Using the material below, print a verbatim copy of every line from the one containing "Un style contemporain" through the one containing "먼저 본관에 들어섰을", inclusive, and omit the pictures.

== Segment start ==

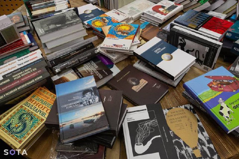 издательство "новое литературное обозрение" по дешевке распродает книги в здании театра наций на страстном. люди покупают коробками, в очереди стоят несколько часов.
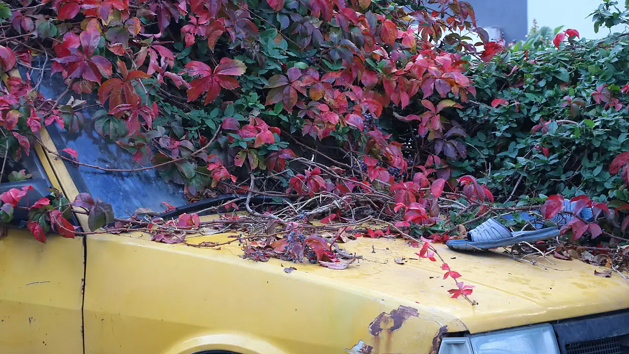 İzmir'de sahibi vefat eden otomobil, yıllar içinde sarmaşıklarla kaplanarak görsel bir şölen oluşturdu. Karabağlar sokaklarında unutulan araç, adeta doğa ile bütünleşerek sokak canlarına da ev sahipliği yapıyor. Mahalleli ise otomobilin kaldırılmasını istiyor.
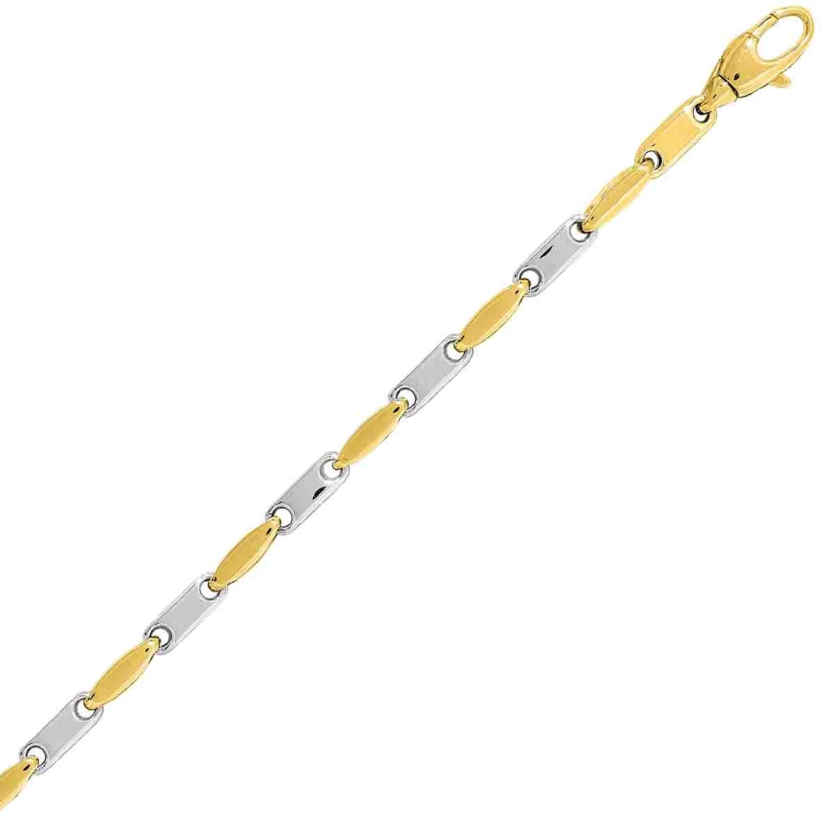 Un style contemporain et très tendance, la fantaisie de la chaîne réside alors dans la forme des mailles, qui ont des motifs bombés ou torsadés ou autres.
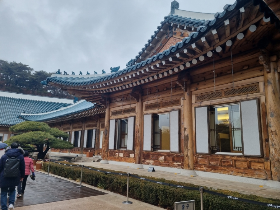 먼저 본관에 들어섰을 때, TV에서만 보던 그 공간을 실제로 보니 감회가 새로웠어요. 건물 외관의 푸른 기와와 하얀 벽이 정말 조화를 이루고 있었어요. 내부는 아쉽게도 출입이 제한되어 있어서 외부만 볼 수 있었지만, 충분히 웅장한 분위기를 느낄 수 있었답니다.
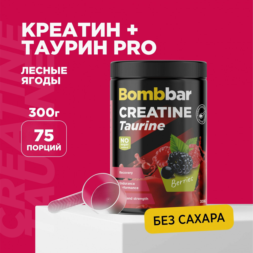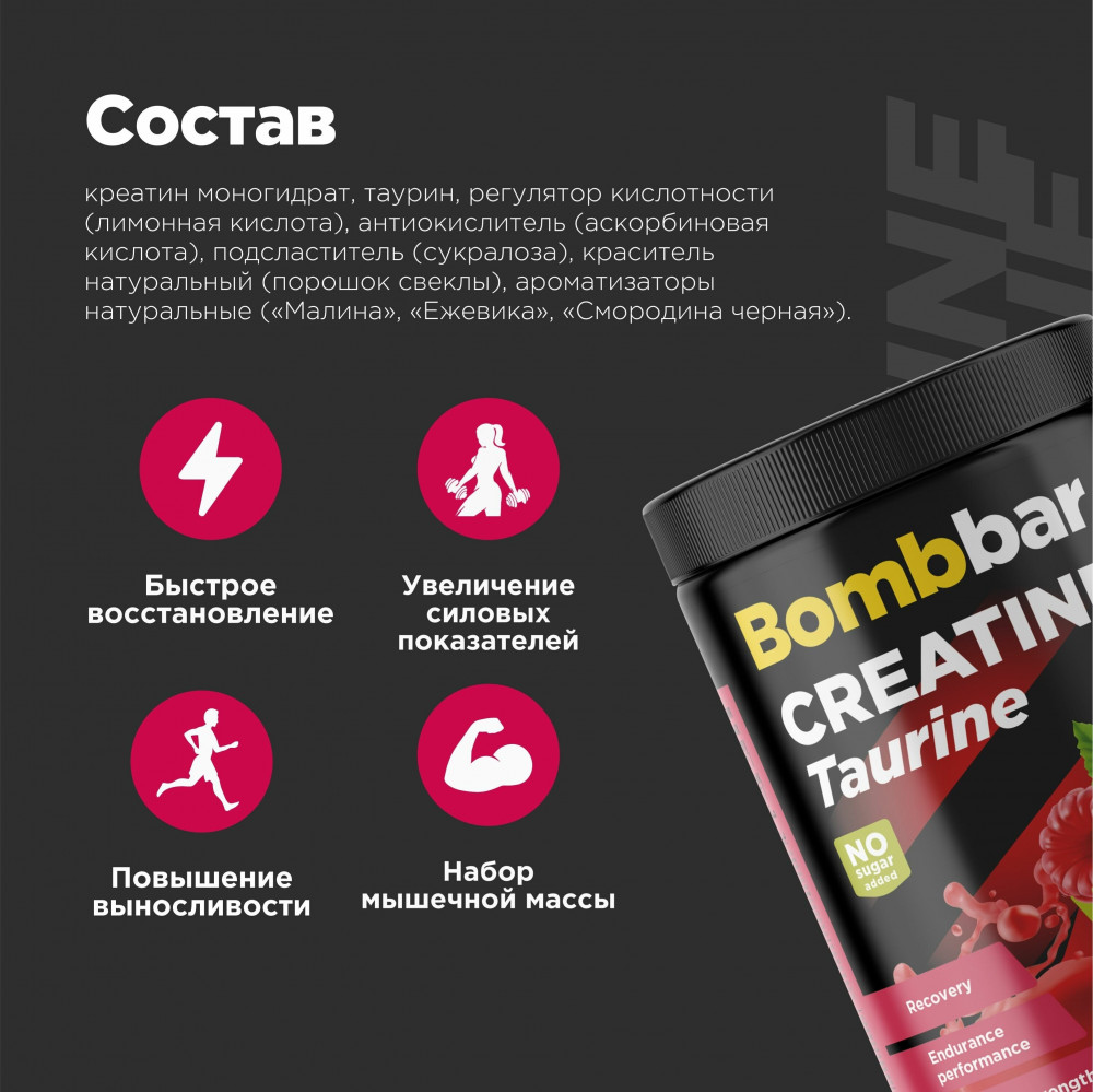 Также в коктейле содержится таурин, который повышает чувствительность к инсулину и стимулирует его синтез. Помимо этого, таурин обладает мягким желчегонным действием, улучшает метаболические процессы в печени, сердце и других органах, применяется при сердечно-сосудистых заболеваниях. И креатин, и таурин снижают уровень сахара и холестерина в крови и уменьшают риск развития атеросклероза. Главное же свойство таурина в спортивных добавках — уменьшение посттренировочных болей, снижение процессов разрушения (катаболизма) в мышцах, поэтому он полезен для приема как до, так и после тренировки, поэтому сочетание креатина с таурином — ещё один плюс коктейля от Bombbar.
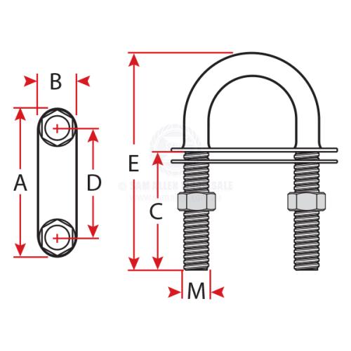 U-BOLTS - WELDED FACE PLATE - STAINLESS STEEL
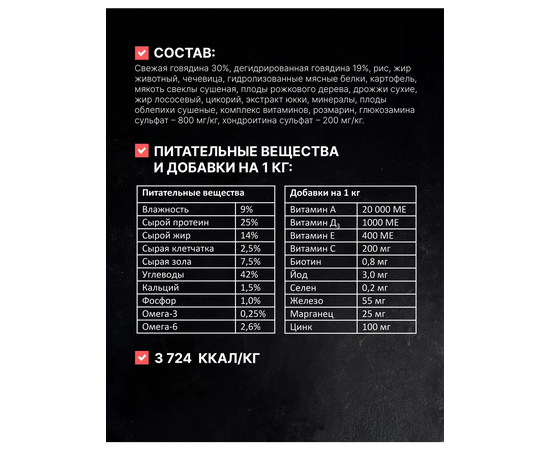 свежая говядина 30%, дегидрированная говядина 19%, рис, жир животный, чечевица, гидролизованные мясные белки, картофель, мякоть свеклы сушеная, плоды рожкового дерева, дрожжи сухие, жир лососевый, цикорий, экстракт юкки, минералы, плоды облепихи сушеные, комплекс витаминов, розмарин, глюкозамина сульфат – 800 мг/кг, хондроитина сульфат – 200 мг/кг.
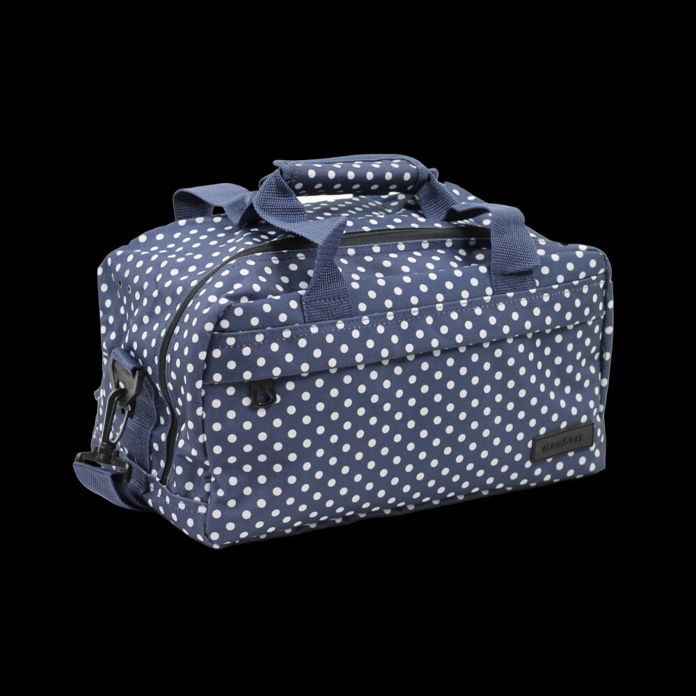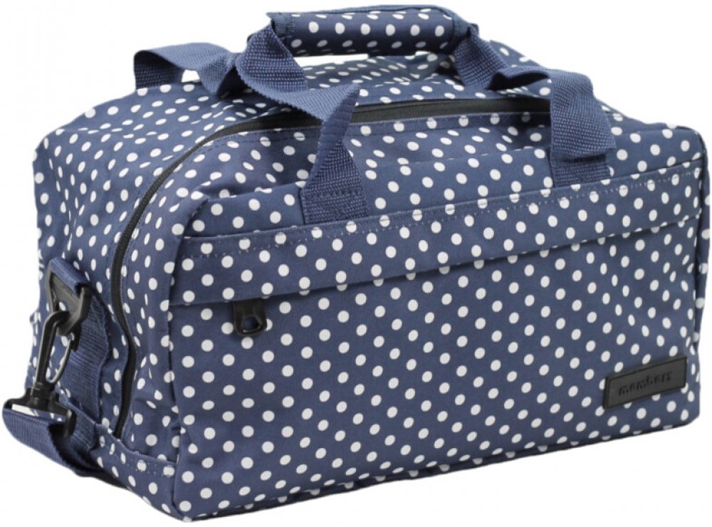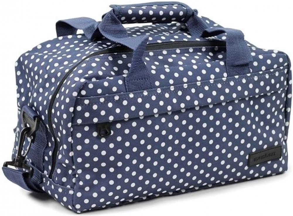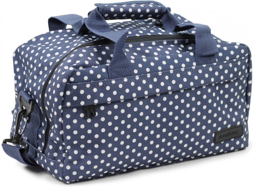 Taška má nastavitelný odnímatelný popruh přes rameno. Na zadní straně tašky je umístěn popruh sloužící jako držák na výsuvné madlo cestovního kufru.

== Segment end ==

● **Solution**
 Un style contemporain et très tendance, la fantaisie de la chaîne réside alors dans la forme des mailles, qui ont des motifs bombés ou torsadés ou autres.
 먼저 본관에 들어섰을 때, TV에서만 보던 그 공간을 실제로 보니 감회가 새로웠어요. 건물 외관의 푸른 기와와 하얀 벽이 정말 조화를 이루고 있었어요. 내부는 아쉽게도 출입이 제한되어 있어서 외부만 볼 수 있었지만, 충분히 웅장한 분위기를 느낄 수 있었답니다.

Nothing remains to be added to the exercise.